A text message from Dubai, marked with a Santa emoji, promised an easy job.
“OK lads. No need for luck. Really this couldn’t be any more straightforward. Just relax and this will all be over soon.”
The message was sent to a Ukrainian fisherman and an unemployed man from Teesside as they sailed into the Irish Sea to collect cocaine from the cargo ship MV Matthew.
Nothing about the mission was straightforward. Instead of slipping past unnoticed, the pair were swept up in an international operation that foiled one of Europe’s biggest smuggling attempts. The Irish authorities intercepted more than 2.2 tonnes of cocaine, struck a blow against the cartels, and jailed eight men for a combined 129 years. Every kilo of the seized cocaine was destroyed.
Despite the victory, officials warn the tide of cocaine flooding into Europe is only growing. The Maritime Analysis Operations Centre (MAOC), which tracks transatlantic smuggling, says 100 suspected drug ships were left untouched last year because European agencies didn’t have the vessels to intercept them.
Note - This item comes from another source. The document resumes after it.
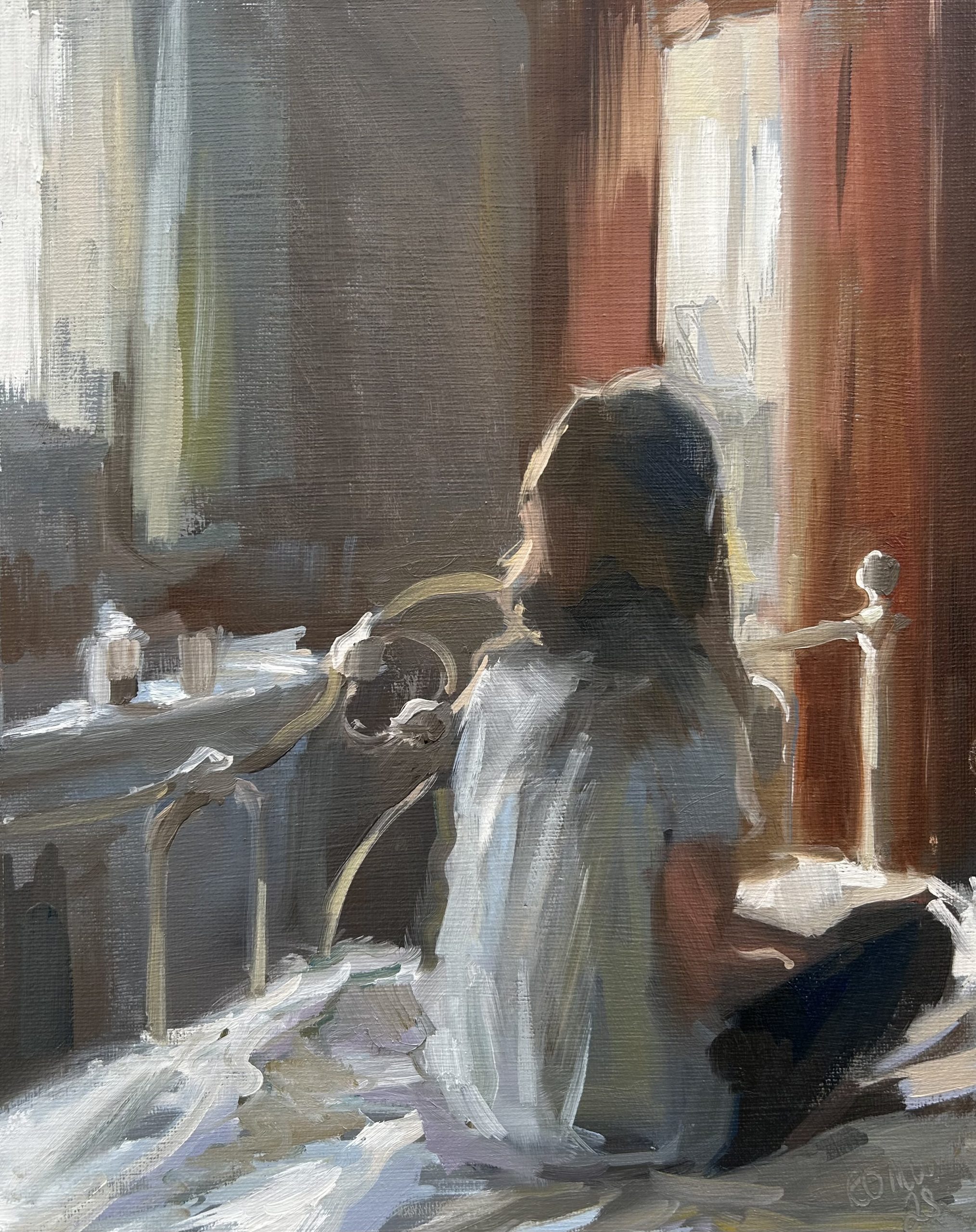 End of the Bed£850.00 Oil on Panel 30 x 24cm Unframed 1 in stock End of the Bed quantity Add to basket Category: Childhood Related products Girl on the beach with Parasol £700.00 Add to basket Growing up No.2 £500.00 Add to basket Playing with the Nutcracker £850.00 Add to basket Trying on pointe shoes £850.00 Add to basket

“We know the ship is crossing the Atlantic. We know it’s loaded. And still, we don’t have the assets to stop it,” said MAOC director Sjoerd Top. Each day, his team monitors up to 600 vessels while record cocaine production in South America fuels the trade.
The MV Matthew, a Panama-registered cargo ship, was bought by cartels in August 2023. By September, it was docked in Cork Harbour under heavy guard after the dramatic seizure.
Demand in Europe is feeding the cartels’ persistence. UK users alone consumed 117 tonnes of cocaine last year, according to the National Crime Agency. Cocaine-related deaths have risen ten-fold since 2011.
Traditional smuggling routes through Rotterdam and Antwerp are under tighter scrutiny, forcing traffickers to adopt riskier strategies. Increasingly, smugglers transfer bales of cocaine at sea, passing them from large “mother ships” to smaller “daughter craft” that ferry the drugs to shore.
“We’ve intercepted multiple one- and two-tonne shipments at sea in the last six months alone,” said Charlie Eastaugh, UK Border Force maritime director.
Ireland has become a prime target, serving as a back door to the UK thanks to its open border. The MV Matthew bust showed that authorities can win major battles, but with the cartels relentless and resources stretched thin, the war is far from over.